» **ASSIGNED TASK**
Word for word, reproduce the records, keeping none of the pictures.

» **MATERIAL SUPPLIED**
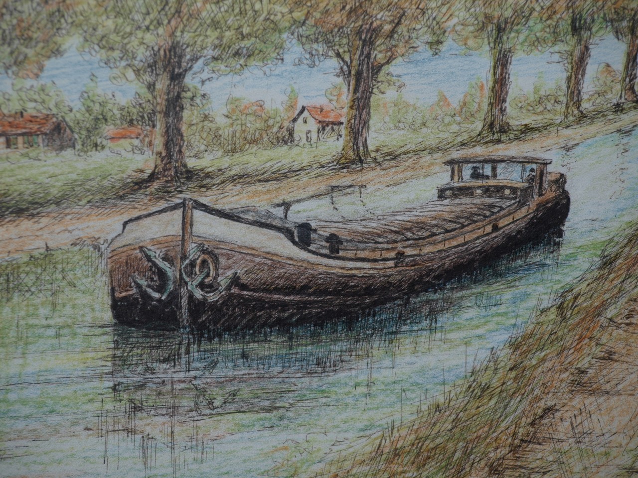 Peinture à l'huile ou pastel ( voir crayon ) ? L on reconnaît le canal vers Vitre le François. Mon épouse à réalise une toile avec le même environnement. Qui est d ailleurs sur Vv.
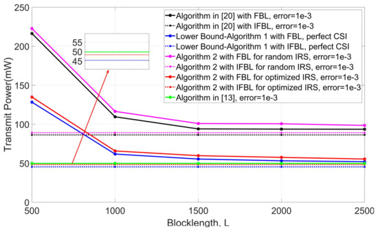 Figure 7 and Figure 8 plots the effectiveness of the proposed algorithm under the blocklength and the BER , where the bound CSI error was , and the transmit rate value was . As expected, in Figure 7, with the blocklength increasing, the transmit power consumption with finite blocklength (FBL) was close to that of infinite blocklength (IFBL). Furthermore, the transmit power consumption decreased with the increase in the blocklength under FBL. When the transmit rate value was , the transmit power consumption for the Algorithm in [13] was higher than that of Algorithm 2 with IFBL for optimized IRS by about . In Figure 8, the transmit power consumption increased with the decrease of the BER , where the value of on the X-axis actually was for simple expression. In addition, the absolute growth rate decreased with the increase in the BER. For system design purposes, depending on the QoS requirement in an IIoT scenario, an appropriate value of the blocklength and the BER can be chosen in Figure 7 and Figure 8.
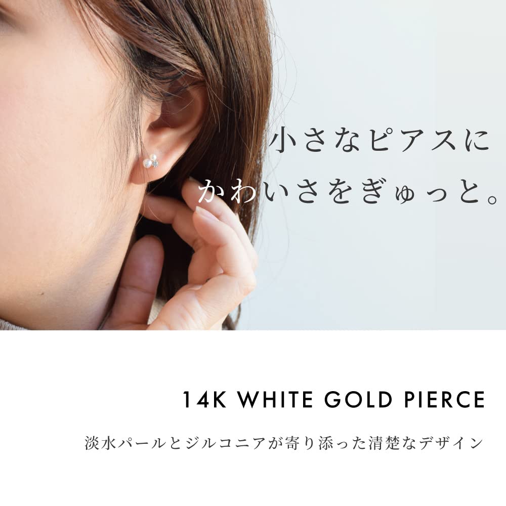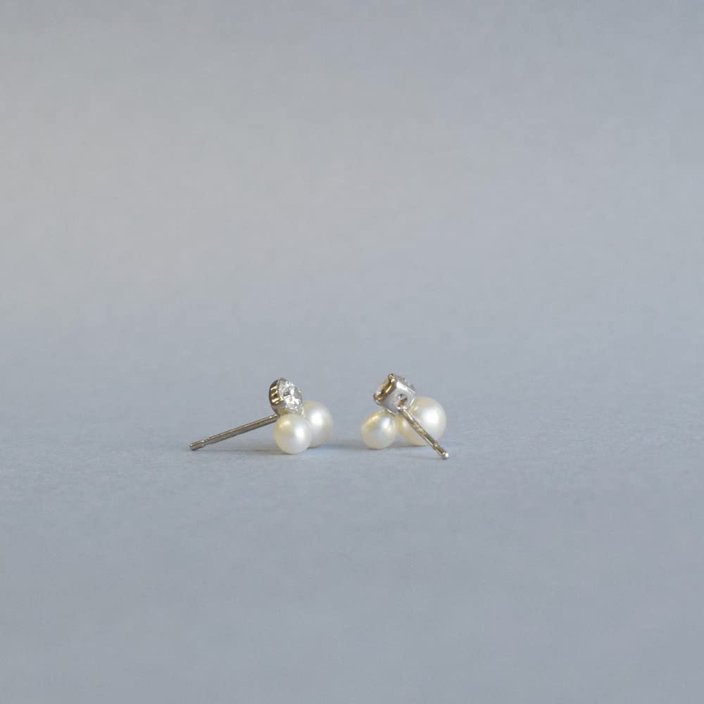 Серьги из белого золота 14 карат с жемчугом Акойя и кубическим цирконием 14k K14 жемчуг камень июня Sa212 [Четырехлистный клевер] женские
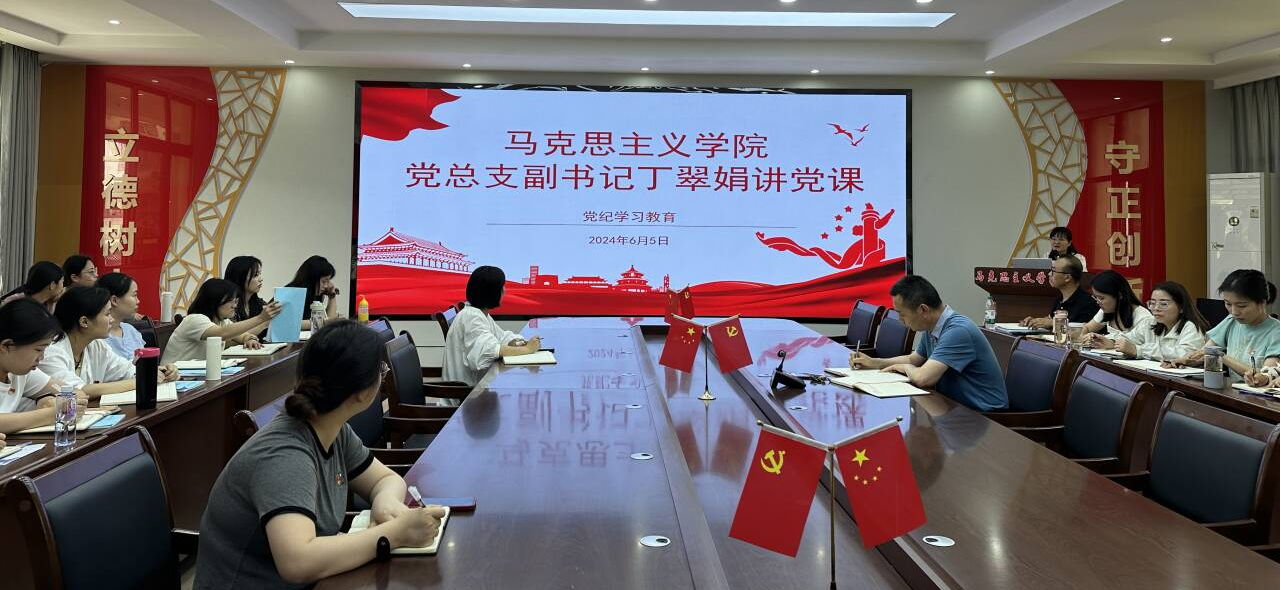 为深入学习贯彻习近平总书记关于党纪学习教育的重要讲话和重要指示精神,切实通过党纪学习教育增强党总支全体党员的廉洁自律意识、筑牢拒腐防变思想防线。6月5日,马克思主义学院党总支副书记、副院长丁翠娟围绕《中国共产党纪律处分条例》(以下简称《条例》)进行解读,为全院教师党员上了一堂党课。
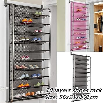Tzamli 10 Tier Shoe Rack Over The Door Shoe Organizer Hanging Shoe Storage Shelf Customized Strong Metal Hooks For Closet Pantry Black 10 Tier Amazon In Home Kitchen
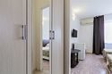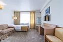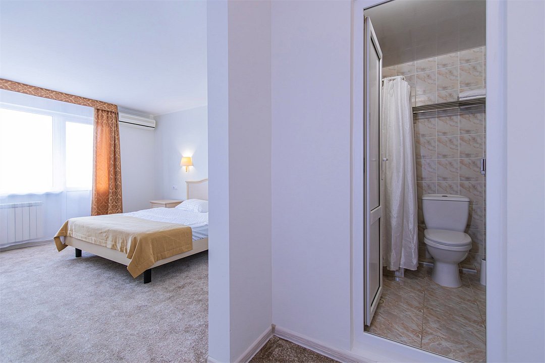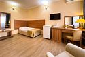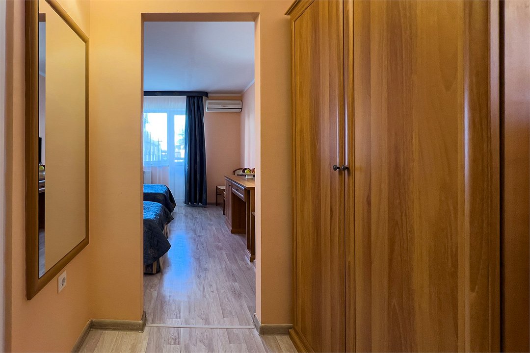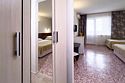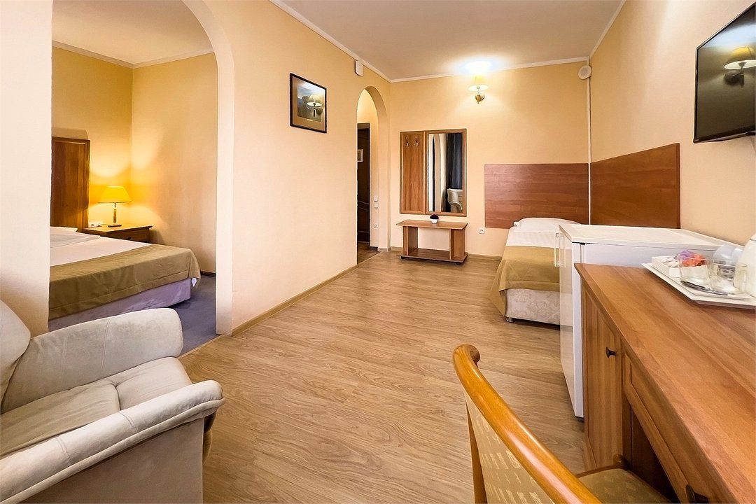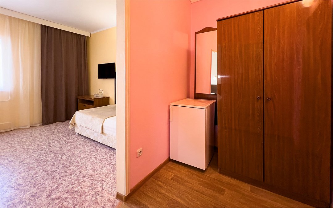 Двухкомнатный номер площадью 27 м2. В одной комнате – двуспальная кровать, в другой – односпальная кровать. Санузел номера оснащен душем. В номере: кондиционер, LED телевизор, мини-холодильник, шкаф для одежды, письменный стол и стулья, тумба, багажная тумба, зеркало, телефон, фен, чайная станция. Идеально подходит семьям с детьми.Услуги и удобства
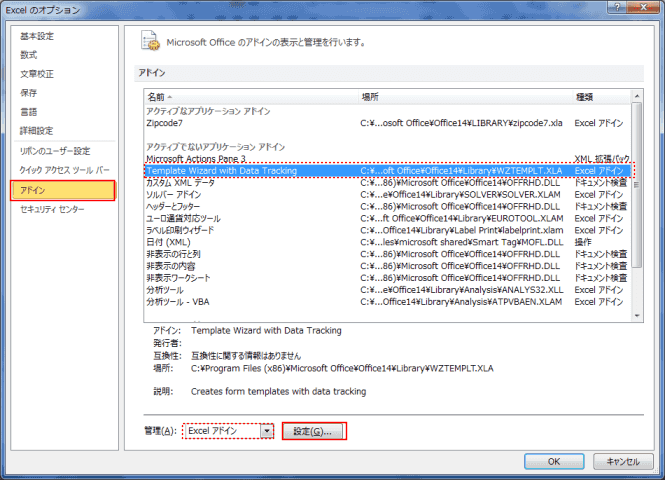 [アドイン]を選択すると、アクティブでないアプリケーション アドインに「Template Wizard with Data Tracking」が見つかりました。
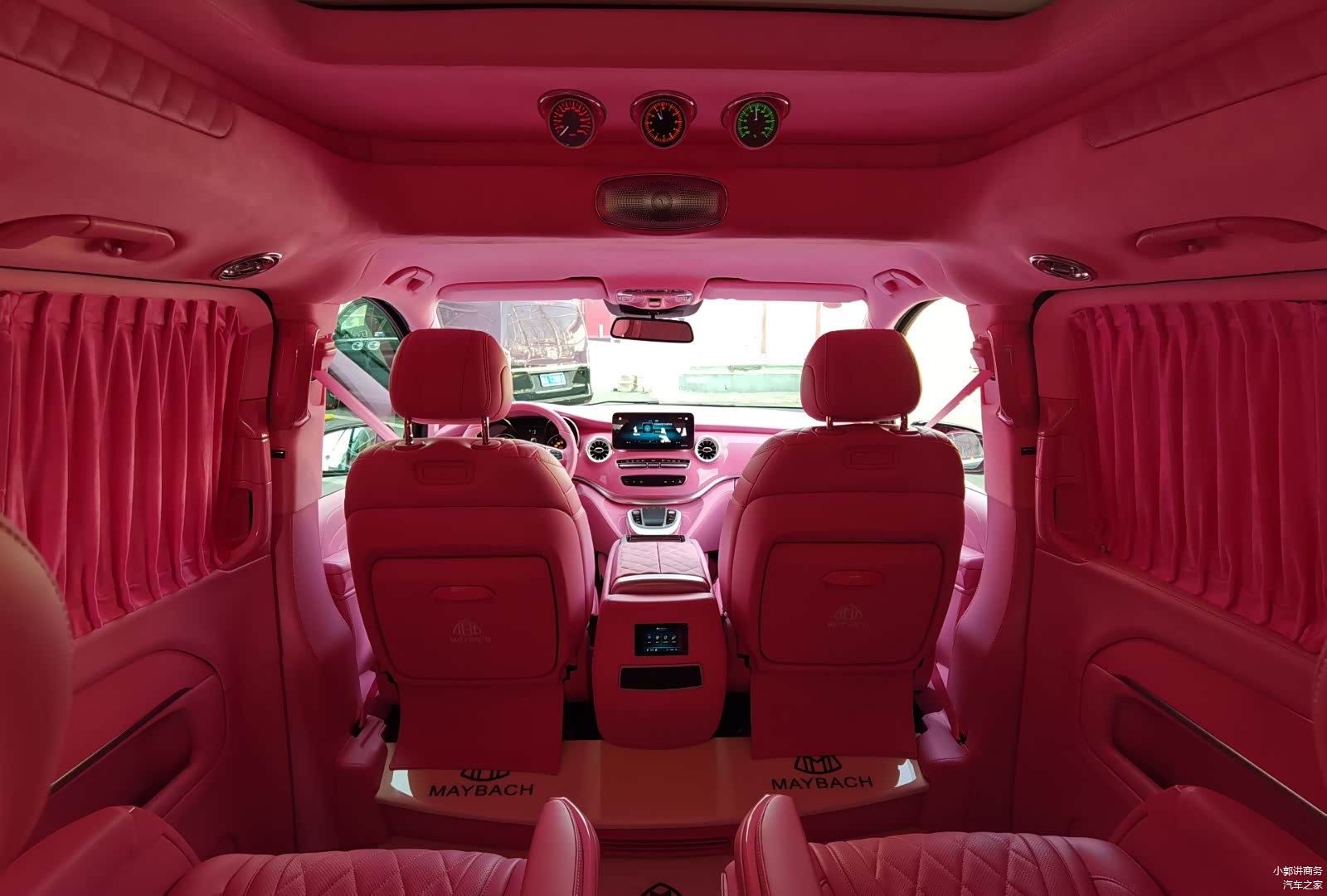 这款猛男芭比粉的迈巴赫VS980L全车采用了全车粉色内饰的设计,粉红色的桃木装饰板,粉红色的真皮包覆,粉红色的麂皮绒包覆,真是萌萌的少女心。
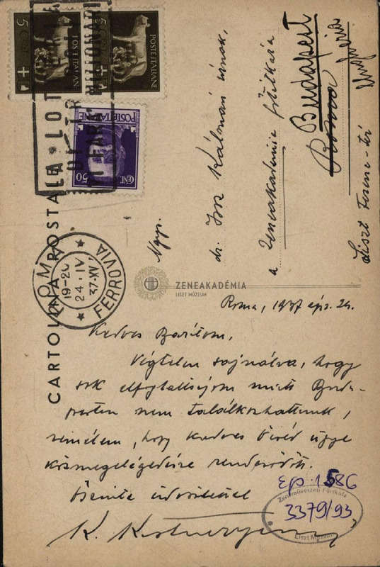 Sajnálja, hogy elfoglaltságai miatt Budapesten nem találkozhattak. Reméli, hogy címzett öccsének ügye rendeződött. Képen: római Magyar Intézet.

» **RESPONSE TO THE TASK**
 Peinture à l'huile ou pastel ( voir crayon ) ? L on reconnaît le canal vers Vitre le François. Mon épouse à réalise une toile avec le même environnement. Qui est d ailleurs sur Vv.
 Figure 7 and Figure 8 plots the effectiveness of the proposed algorithm under the blocklength and the BER , where the bound CSI error was , and the transmit rate value was . As expected, in Figure 7, with the blocklength increasing, the transmit power consumption with finite blocklength (FBL) was close to that of infinite blocklength (IFBL). Furthermore, the transmit power consumption decreased with the increase in the blocklength under FBL. When the transmit rate value was , the transmit power consumption for the Algorithm in [13] was higher than that of Algorithm 2 with IFBL for optimized IRS by about . In Figure 8, the transmit power consumption increased with the decrease of the BER , where the value of on the X-axis actually was for simple expression. In addition, the absolute growth rate decreased with the increase in the BER. For system design purposes, depending on the QoS requirement in an IIoT scenario, an appropriate value of the blocklength and the BER can be chosen in Figure 7 and Figure 8.
 Серьги из белого золота 14 карат с жемчугом Акойя и кубическим цирконием 14k K14 жемчуг камень июня Sa212 [Четырехлистный клевер] женские
 为深入学习贯彻习近平总书记关于党纪学习教育的重要讲话和重要指示精神,切实通过党纪学习教育增强党总支全体党员的廉洁自律意识、筑牢拒腐防变思想防线。6月5日,马克思主义学院党总支副书记、副院长丁翠娟围绕《中国共产党纪律处分条例》(以下简称《条例》)进行解读,为全院教师党员上了一堂党课。
Tzamli 10 Tier Shoe Rack Over The Door Shoe Organizer Hanging Shoe Storage Shelf Customized Strong Metal Hooks For Closet Pantry Black 10 Tier Amazon In Home Kitchen
 Двухкомнатный номер площадью 27 м2. В одной комнате – двуспальная кровать, в другой – односпальная кровать. Санузел номера оснащен душем. В номере: кондиционер, LED телевизор, мини-холодильник, шкаф для одежды, письменный стол и стулья, тумба, багажная тумба, зеркало, телефон, фен, чайная станция. Идеально подходит семьям с детьми.Услуги и удобства
 [アドイン]を選択すると、アクティブでないアプリケーション アドインに「Template Wizard with Data Tracking」が見つかりました。
 这款猛男芭比粉的迈巴赫VS980L全车采用了全车粉色内饰的设计,粉红色的桃木装饰板,粉红色的真皮包覆,粉红色的麂皮绒包覆,真是萌萌的少女心。
 Sajnálja, hogy elfoglaltságai miatt Budapesten nem találkozhattak. Reméli, hogy címzett öccsének ügye rendeződött. Képen: római Magyar Intézet.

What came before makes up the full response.